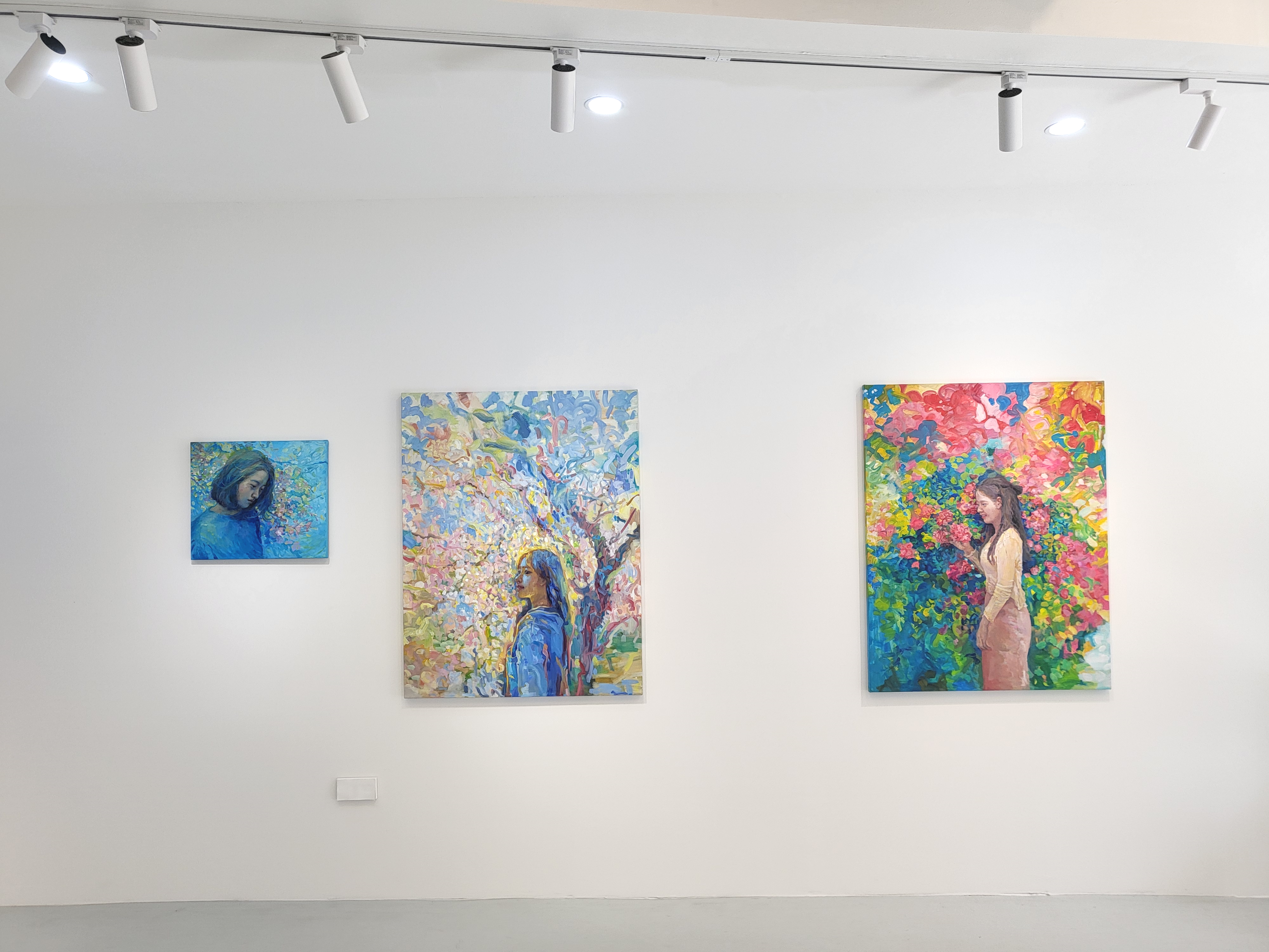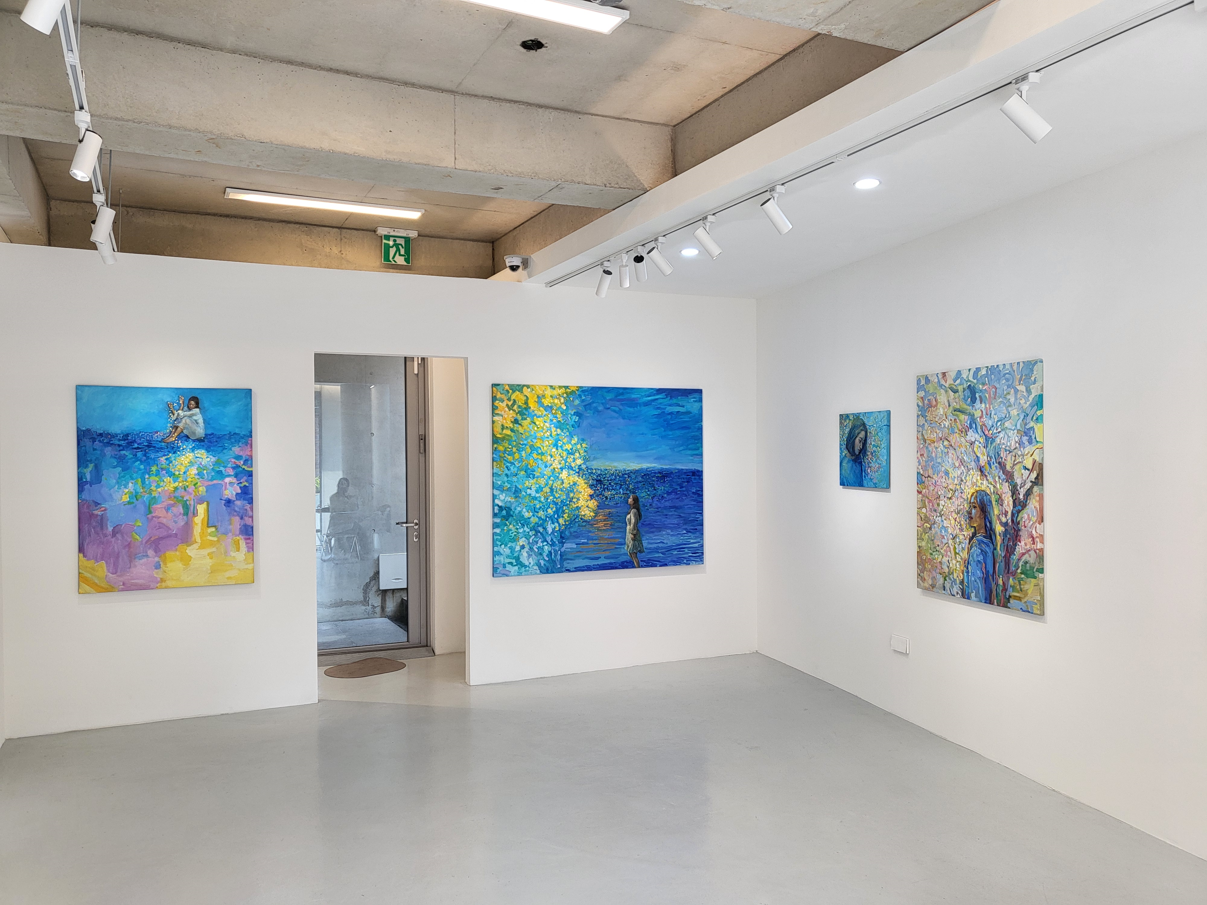윤여름 작가는 단순한 시간의 흐름을 넘어, 빛과 어둠 사이에서 감각이 깨어나는 순간을 탐구한다. 푸른 빛이 감도는 풍경, 몽환적인 분위기, 그리고 그 안에서 피어나는 감정과 기억들. 작가는 회화 작업을 통해 블루아워가 가진 시적인 정서를 표현한다. 푸른빛 속에서 우리는 익숙했던 것들을 새로운 시선으로 바라보게 된다. 낮의 분주함이 가라앉고, 밤의 깊이가 드리우기 전, 우리는 내면의 소리에 더욱 귀 기울이게 된다. 작가는 삶 속의 수많은 고통에도 불구하고 그러한 고통조차 의미있고 아름답다고 말하는 내면의 긍정적 소리를 보여주고자 한다. 고통을 겪은 이후에 세상의 아름다움에 대해 깨닫는 과정을 잔잔한 어둠의 블루톤 너머를 뚫고 다가오는 희미하지만 아련한 빛으로 은유한다. 이는 빛과 어둠 모두가 공존하는 아름다운 세상에 대한 긍정이다.
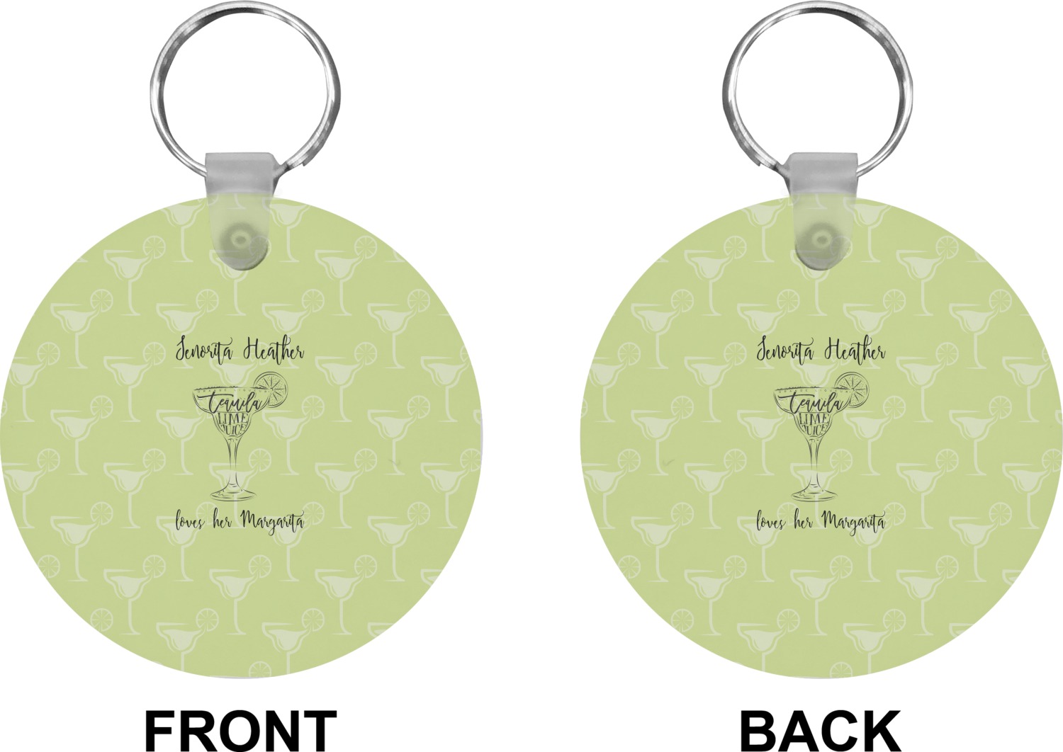 Our personalized keychains attach to the included metal, split key ring with a plastic, removable snap. Since a metal ring is included with your purchase, you have the liberty to keep your keys together on the ring, with or without your unique keychain. We offer this keychain in three different shapes: circle, heart, or diamond. We print your personalized design(s) on both sides of the key chain, and the surface has a glossy, reflective finish that only emphasizes your design. Each keychain is approximately 2.25 by 2.25 inches.
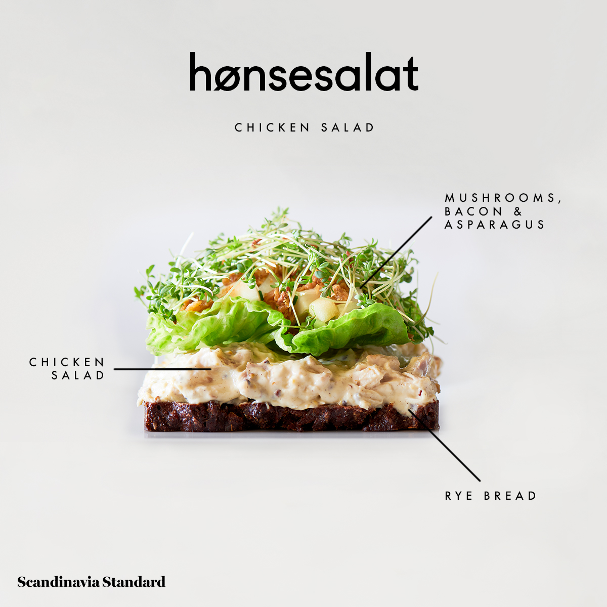 Asparagus and bacon are usually incorporated, either as toppings or within the hønsesalat itself.
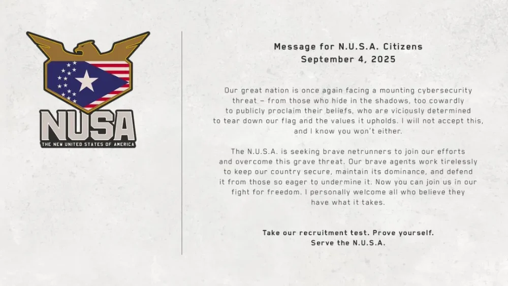 این پیام که در قالب اطلاعیهای از سوی دولت خیالی N.U.S.A. (ایالات متحده جدید) منتشر شده، به تاریخ ۱۳ شهریور ۱۴۰۴ (۴ سپتامبر ۲۰۲۵) اشاره دارد و از تهدیدی جدی در حوزه امنیت سایبری خبر میدهد. در متن پیام، رئیسجمهور روزالین مایرز از Netrunnerها دعوت کرده تا در برابر این خطر واکنش نشان دهند.
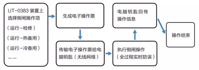 在每台开关柜安装一套UT-0383开关柜智能防误操显装置,用于采集断路器、刀闸(小车)、接地刀等位置信息及带电信息;在开关柜的就地/远方操作回路、小车摇孔、接地刀闸操作机构、前后柜门加装防误锁具。操作流程如下:
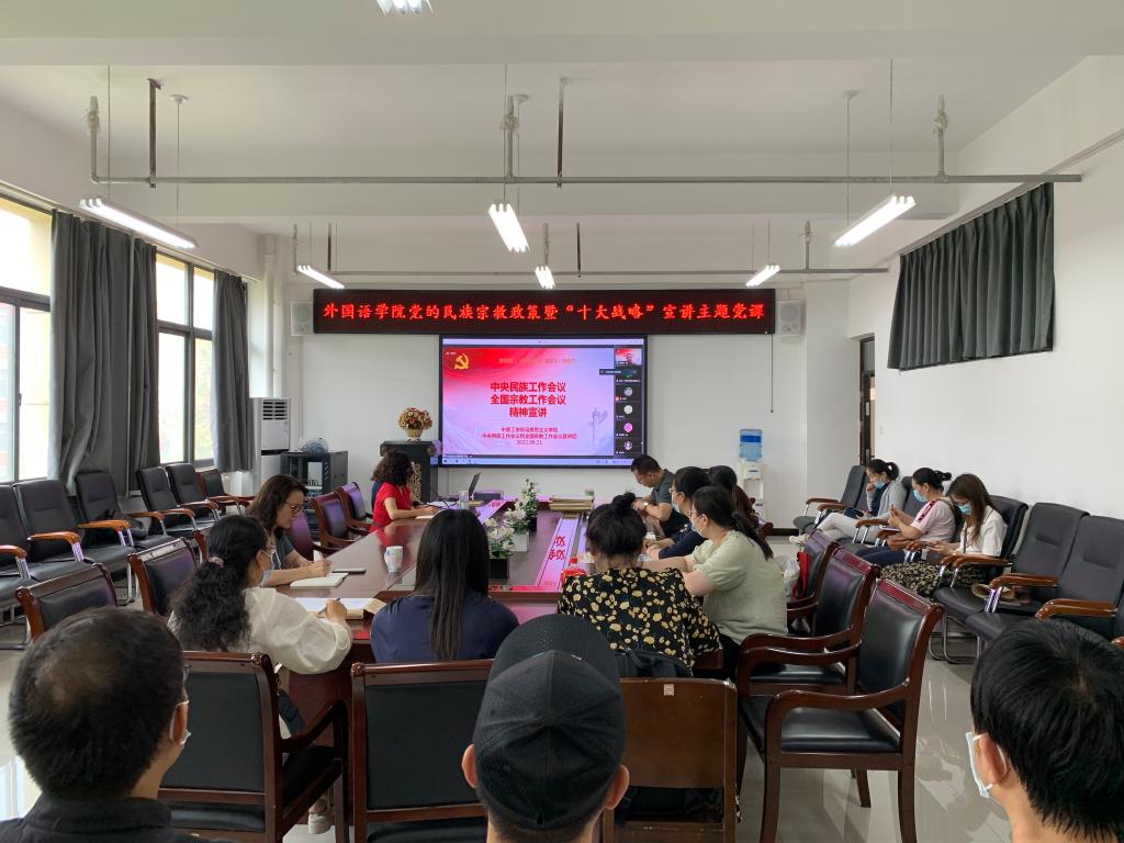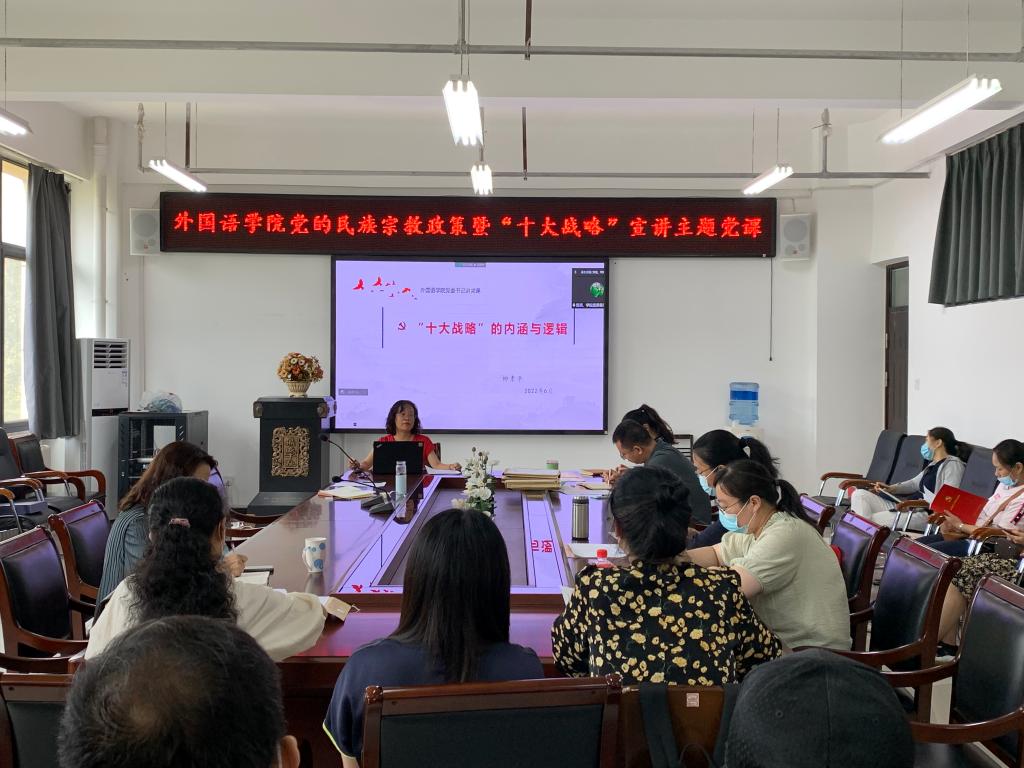 党的民族宗教工作政策宣讲,是学校党委为深入贯彻落实中央和省委、省委教育工委关于民族宗教工作决策部署,提升做好新时代民族宗教工作能力水平的工作措施之一,聚焦“十大战略”的主题党课是tyc41183太阳成集团深入学习贯彻省第十一次党代会精神具体举措。学院党委将结合正在开展的“能力作风建设年”活动,组织党员职工继续深入学习,围绕党的民族宗教政策理论、锚定“两个确保”、实施“十大战略”,以过硬的政治素养、专业能力、工作作风迎接党的二十大胜利召开。(通讯员 李向民)
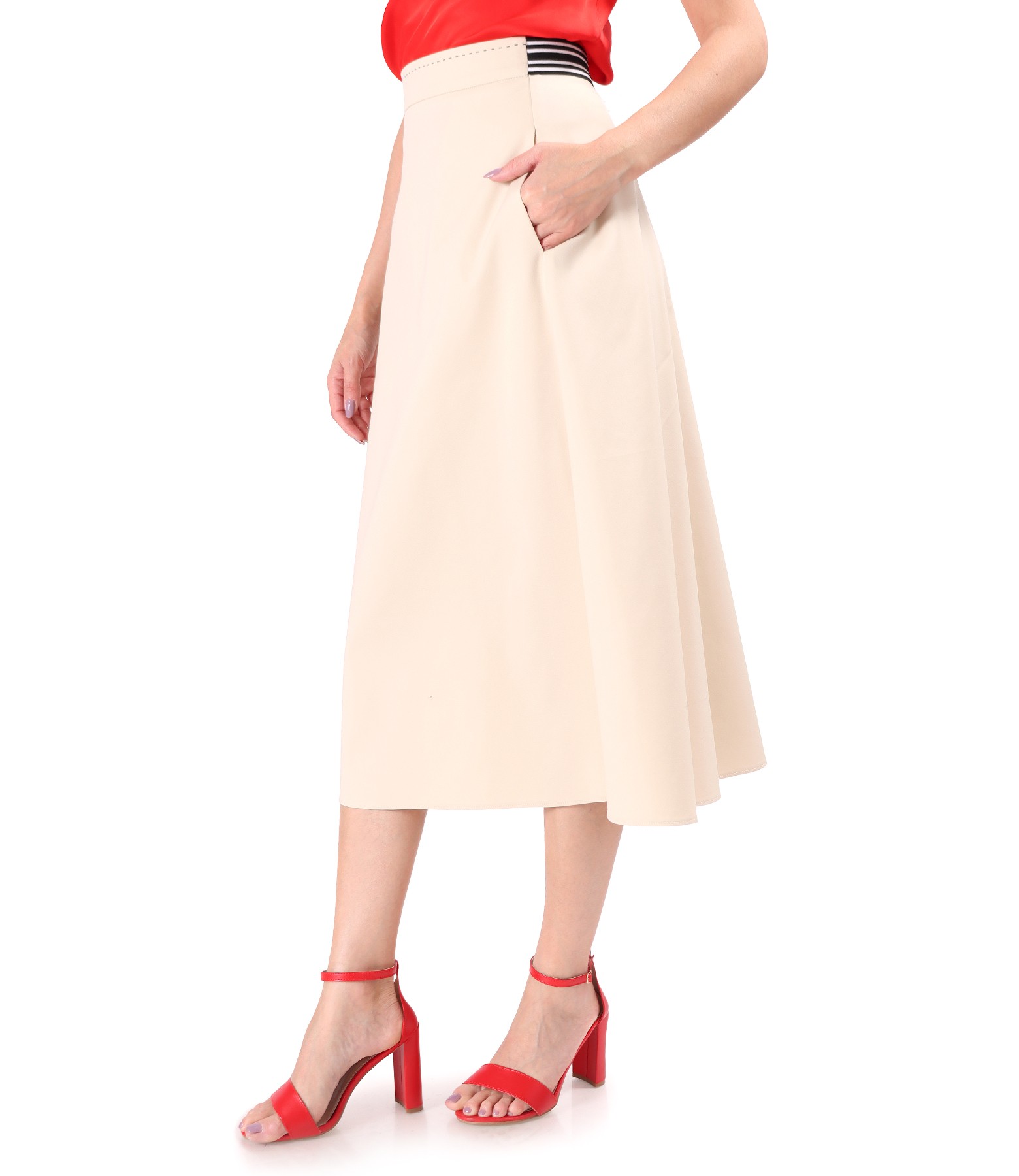 Elastic cotton skirt with a velvety look, with elastic waistband and decorative stitching and side pockets. Closes with hidden zipper on the middle back.
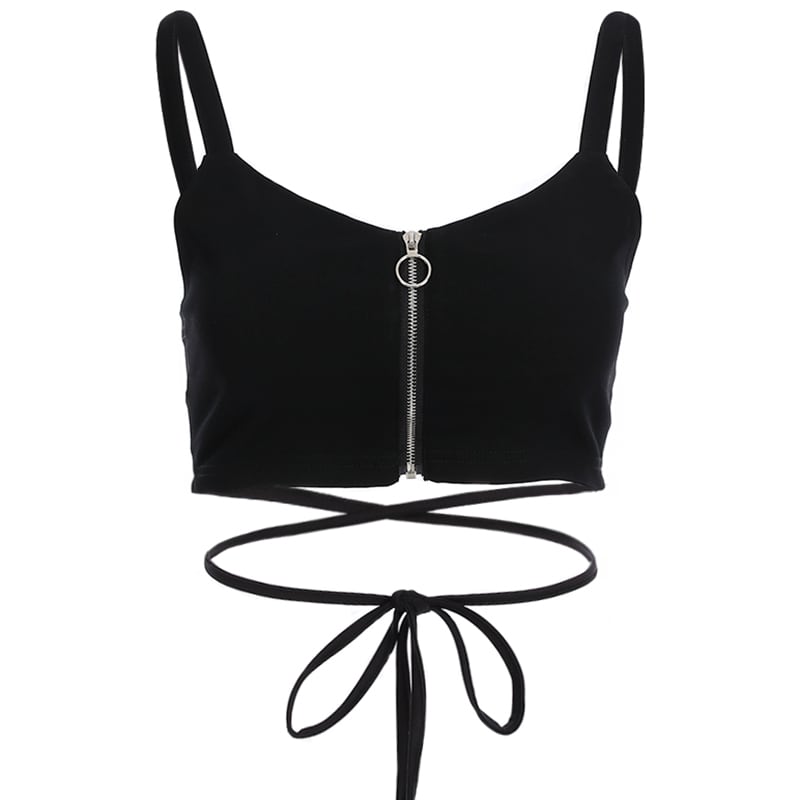 夏 レディース セクシー トップス 韓国 キャミソール サテン 袖丈なし ノースリーブ クロスストラップ 黒 ブラック へそ出し ショート丈 普段使い デート 女子会 SY-5-146 | dress_sugar_moon
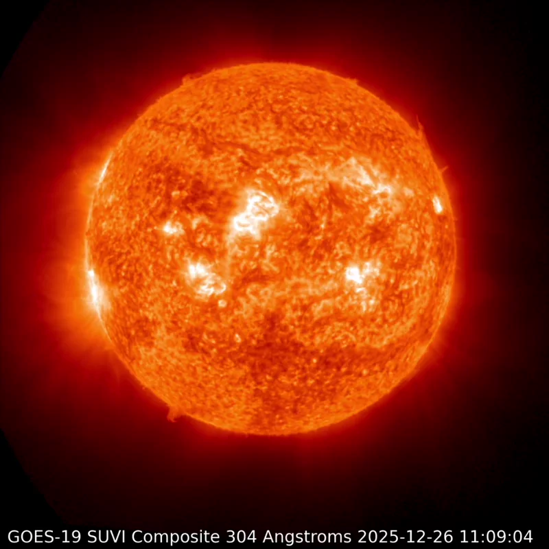 Sun news for December 30-31, 2025. The sun is quiet and calm today with only low-level flaring, as seen in GOES-19 SUVI 304 Å. Forecasters continue to monitor conditions from an M-class flare on December 28 that may make its way to earth today. Images NOAA/GOES.
------------------------------
* About this exercise: Those lines of the records above that run from the one containing "Our personalized keychains" through the one containing "Asparagus and bacon" should be returned exactly, with no pictures among them.

* Answer for this exercise:
 Our personalized keychains attach to the included metal, split key ring with a plastic, removable snap. Since a metal ring is included with your purchase, you have the liberty to keep your keys together on the ring, with or without your unique keychain. We offer this keychain in three different shapes: circle, heart, or diamond. We print your personalized design(s) on both sides of the key chain, and the surface has a glossy, reflective finish that only emphasizes your design. Each keychain is approximately 2.25 by 2.25 inches.
 Asparagus and bacon are usually incorporated, either as toppings or within the hønsesalat itself.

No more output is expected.